From the beginning, Ferlinghetti writes in the introduction, his aim was "to publish across the board ... and not just publishing (that pitfall of the little press) just 'our gang.'" In a short span City Lights published Ponsot, Levertov, Corso, Ginsberg, Duncan. Beat's most enduring, emotional and romantic notion was that the personal was poetic, meeting injustice with righteous anger, confronting conformity with the individual vision. ("I have just realized that the stakes are myself / I have no other / ransom money, nothing to break or barter but my life," from Diane DiPrima's "Revolutionary Letter No. 1.") All of these ideas, today, are so familiar as to seem obvious, if not second-hand. But the best poems here share an immediacy and sharpness of observation that remains in the mind's eye, like Ferlinghetti's


the El

with its flyhung fans

and its signs reading

SPITTING IS FORBIDDEN


Critics and readers have argued that the failure of beat poetry has been one of scale -- the personal somehow erasing the universal -- as if readers are waiting for a return of some idea of "the proper uses" of poetry. Yet there isn't a universal idea left untouched in the City Lights anthology. War and love and death and daily life have never been more topical, or dealt with more directly.


Near the end of an extremely important discourse

the great man of state stumbling

on a beautiful hollow phrase

falls over it

and undone with gaping mouth

gasping

shows his teeth

and the dental decay of his peaceful reasoning

exposes the nerve of war

the delicate question of money


(Jacques Prevert, "The Discourse on Peace," translated by Ferlinghetti)


More to the critics' point, beat poetry was an immediate reaction to the post-war politics of fear and annihilation; Kerouac's often-quoted observation, "first thought, best thought," was an acknowledgement that there may be no time left for second thoughts before the human slate gets wiped clean.
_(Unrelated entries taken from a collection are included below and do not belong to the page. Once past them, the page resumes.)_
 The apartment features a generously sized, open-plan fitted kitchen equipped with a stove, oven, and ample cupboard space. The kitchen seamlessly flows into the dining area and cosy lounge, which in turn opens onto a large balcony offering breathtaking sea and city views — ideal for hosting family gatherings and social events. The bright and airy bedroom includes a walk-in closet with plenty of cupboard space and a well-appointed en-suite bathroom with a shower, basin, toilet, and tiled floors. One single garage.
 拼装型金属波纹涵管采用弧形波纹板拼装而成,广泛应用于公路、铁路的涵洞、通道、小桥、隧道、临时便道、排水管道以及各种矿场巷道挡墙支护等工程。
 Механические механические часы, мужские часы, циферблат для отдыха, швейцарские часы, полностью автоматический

Consider the cold-war politics of the Cuban missile crisis against the Swiftian suggestion of Kerouac's "Poem" (1962): "I demand that the human race / cease multiplying its kind / and bow out / I advise it / And as punishment & reward / for making this plea I know / I'll be reborn / the last human / Everybody else dead and I'm / an old woman roaming the earth / groaning in caves / sleeping on mats ...."
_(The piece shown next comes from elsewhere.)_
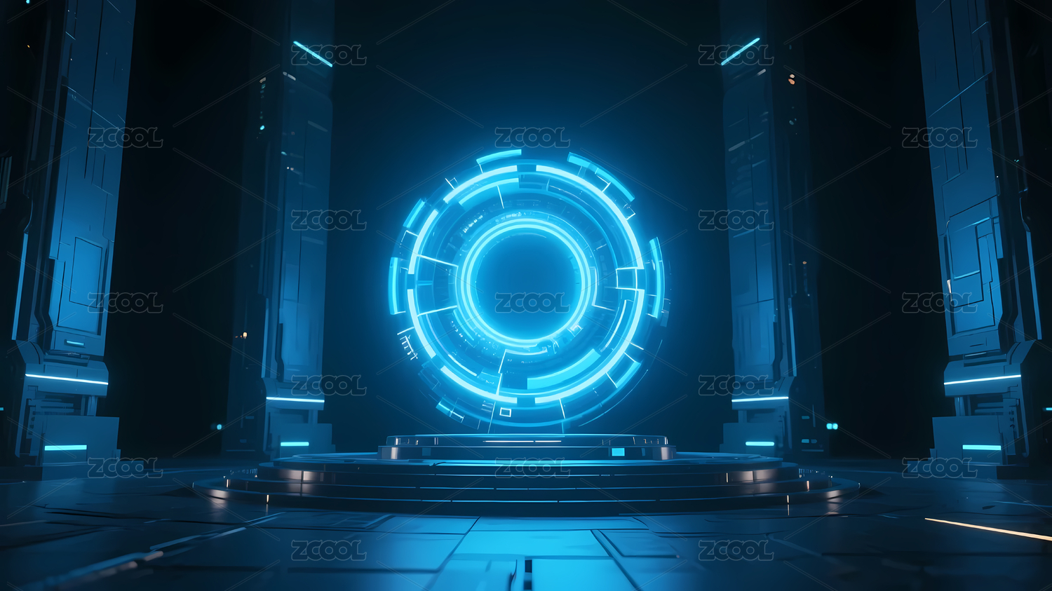 蓝色光环圆形平台

Ferlinghetti at 90th birthday celebration, March 2009
(photo by Christina Koci Hernandez)




Ferlinghetti's selection is chronological, so that the poems can be read in their City Lights context; Corso and Kaufman, Patchen and Rexroth, plus a variety of poems by Yevtushenko and Garcia Lorca and Mayakovsky, frame a great deal of work by Ginsberg and Kerouac, of course. Any omissions are due to Ferlinghetti's own "ignorance, inattention, ill-timing, or bad luck," he slyly writes in the introduction -- fans will note this essential poem gone missing, or that one -- but there are surprises enough, though it's assumed that the anthology is meant for the general reader. And, wonder of wonders in this oversized and overstuffed age, it's a collection still compact enough to carry around with you.